Interfacing with trp2

The Textract response parser was the preferred way of handling Textract API output before the release of Textractor. If your current workflow uses the older library, you can easily reuse their functions through the compatibility API.

Installation

To begin, install the amazon-textract-textractor package using pip.

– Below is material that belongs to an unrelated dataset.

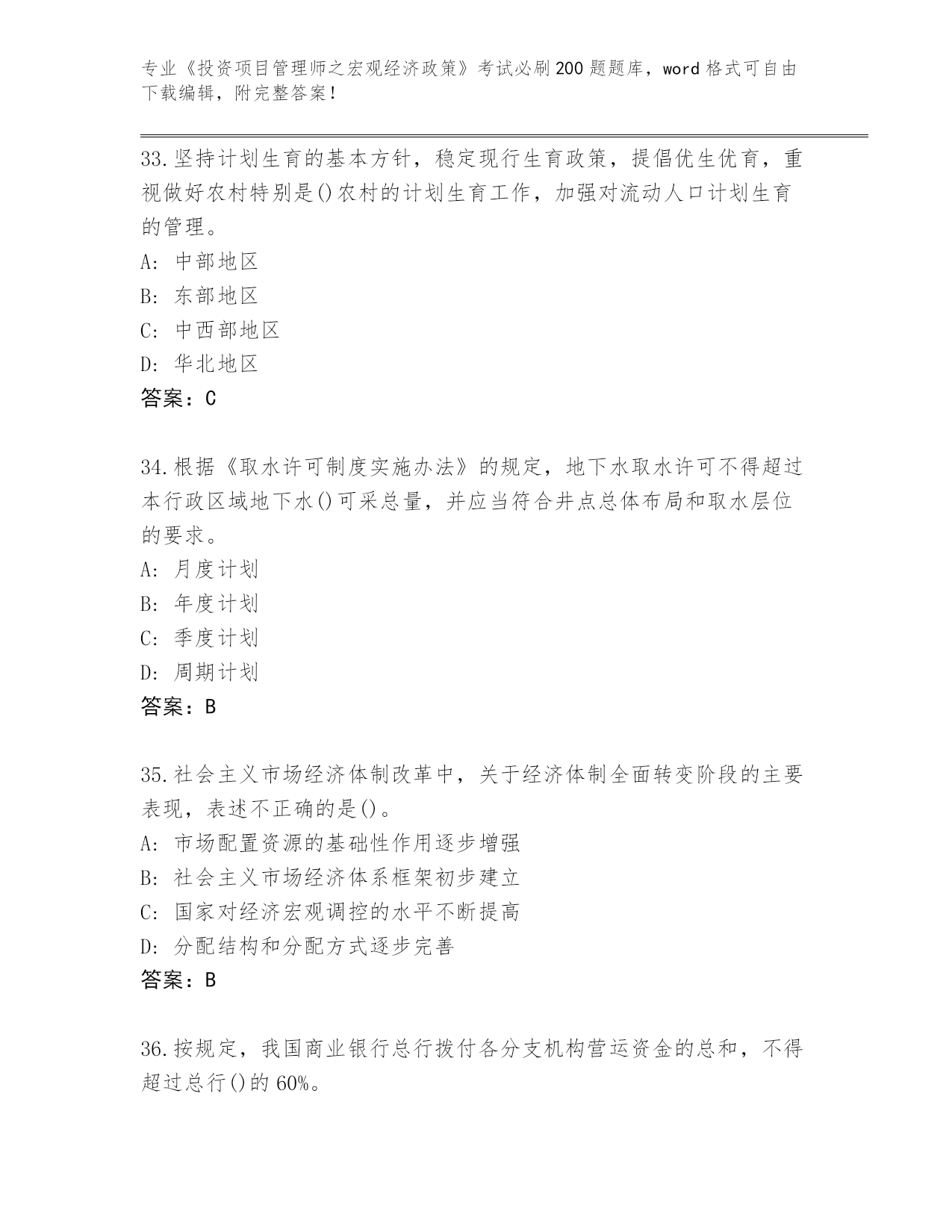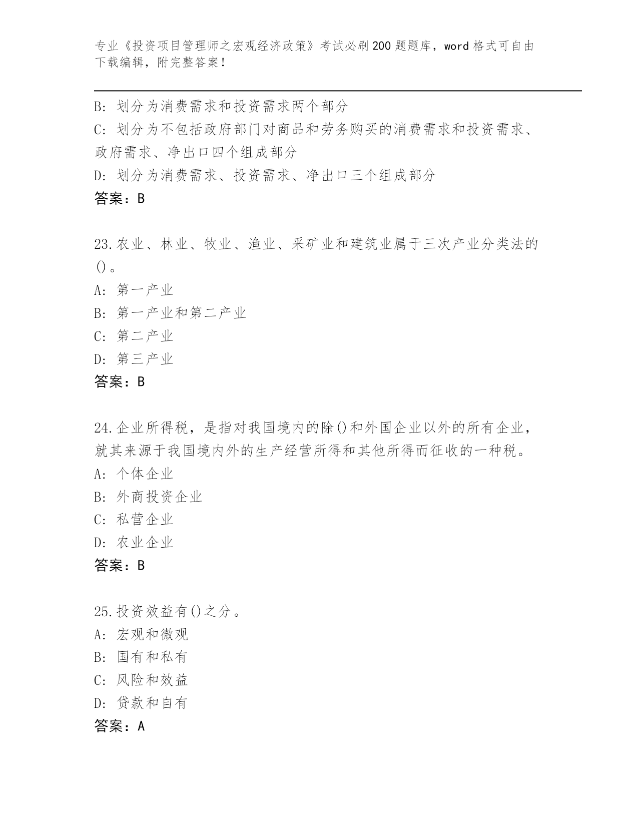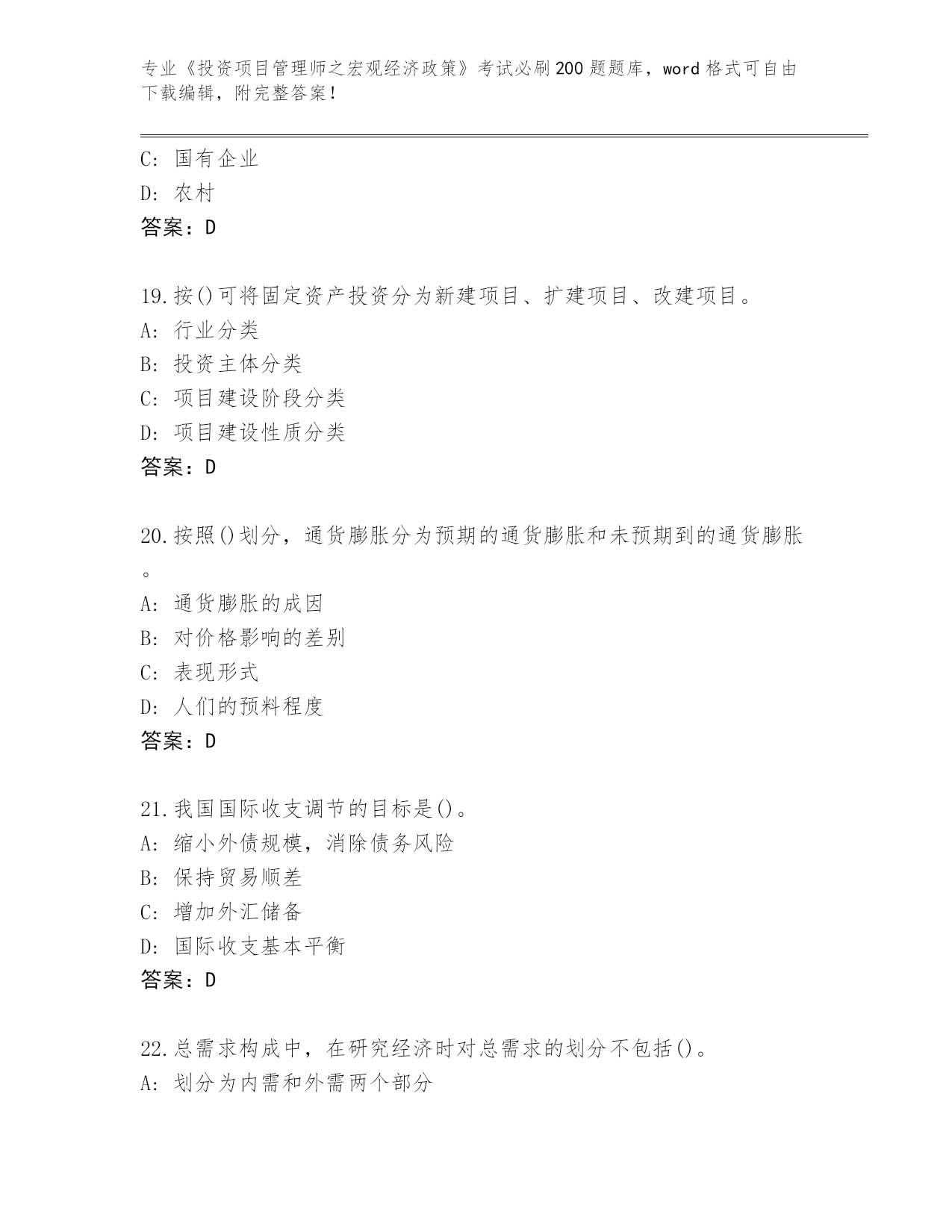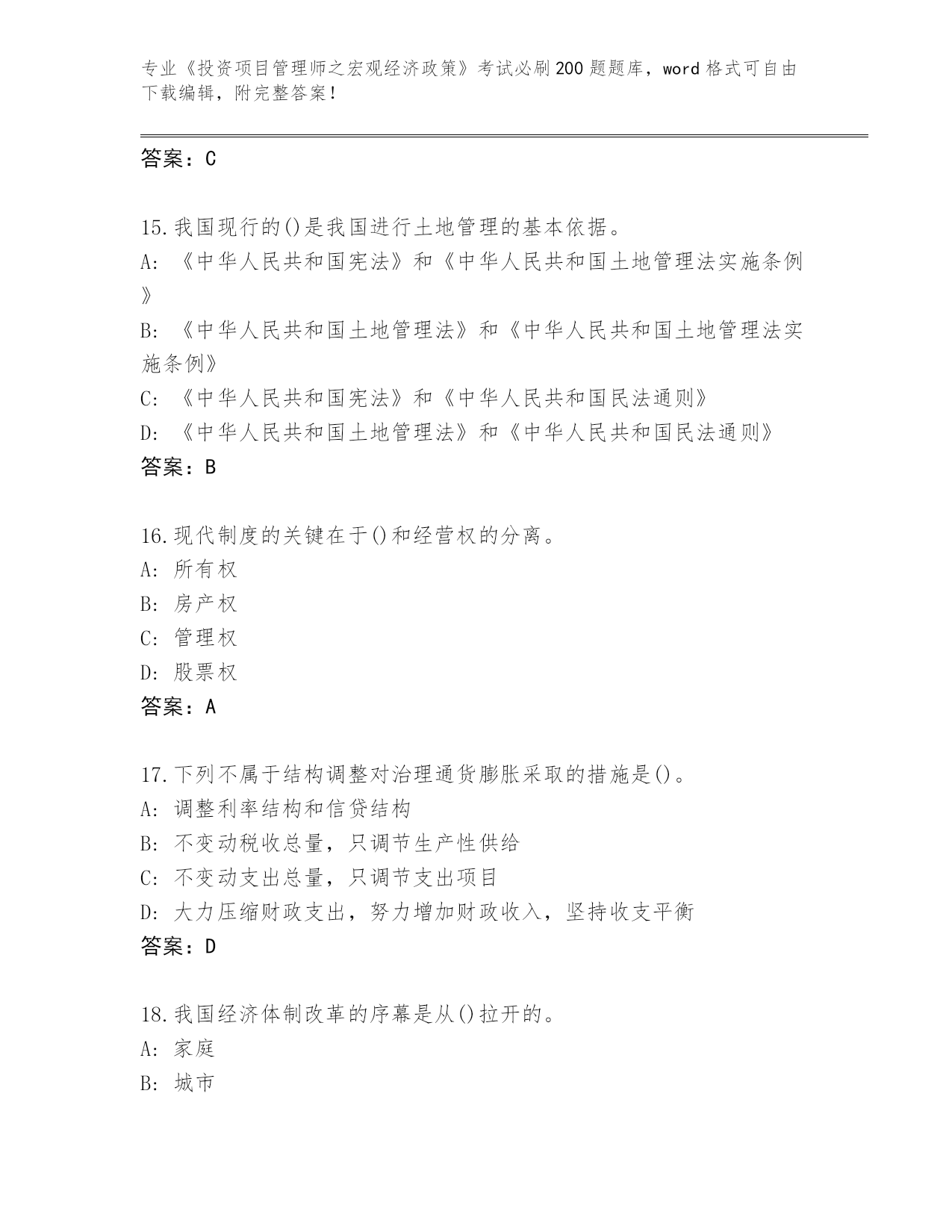 2023-24年甘肃省泾川县《投资项目管理师之宏观经济政策》考试必刷200题题库及答案【新】

pip install amazon-textract-textractor

There are various sets of dependencies available to tailor your installation to your use case. The base package will have sensible default, but you may want to install the PDF extra dependencies if your workflow uses PDFs with pip install amazon-textract-textractor[pdfium]. You can read more on extra dependencies in the documentation

Calling Textract

[1]:
from textractor import Textractor

extractor = Textractor(profile_name="default")
# This path assumes that you are running the notebook from docs/source/notebooks
document = extractor.detect_document_text("../../../tests/fixtures/form.png")
[2]:
document
[2]:
This document holds the following data:
Pages - 1
Words - 259
Lines - 74
Key-values - 0
Checkboxes - 0
Tables - 0
Identity Documents - 0

Getting the trp2 document

All Document objects have a convenience function to_trp2() that is a shorthand for TDocumentSchema().load(document.response) and creates a matching trp2 document. Note that this behaves as a converter, not as a proxy so any changes done on the TDocument will not be passed to the Document object.

[4]:
trp2_document = document.to_trp2()

Conclusion

Textractor comes with everything you need to reuse components from your current workflow with the newer caller, pretty printer, or directional finder.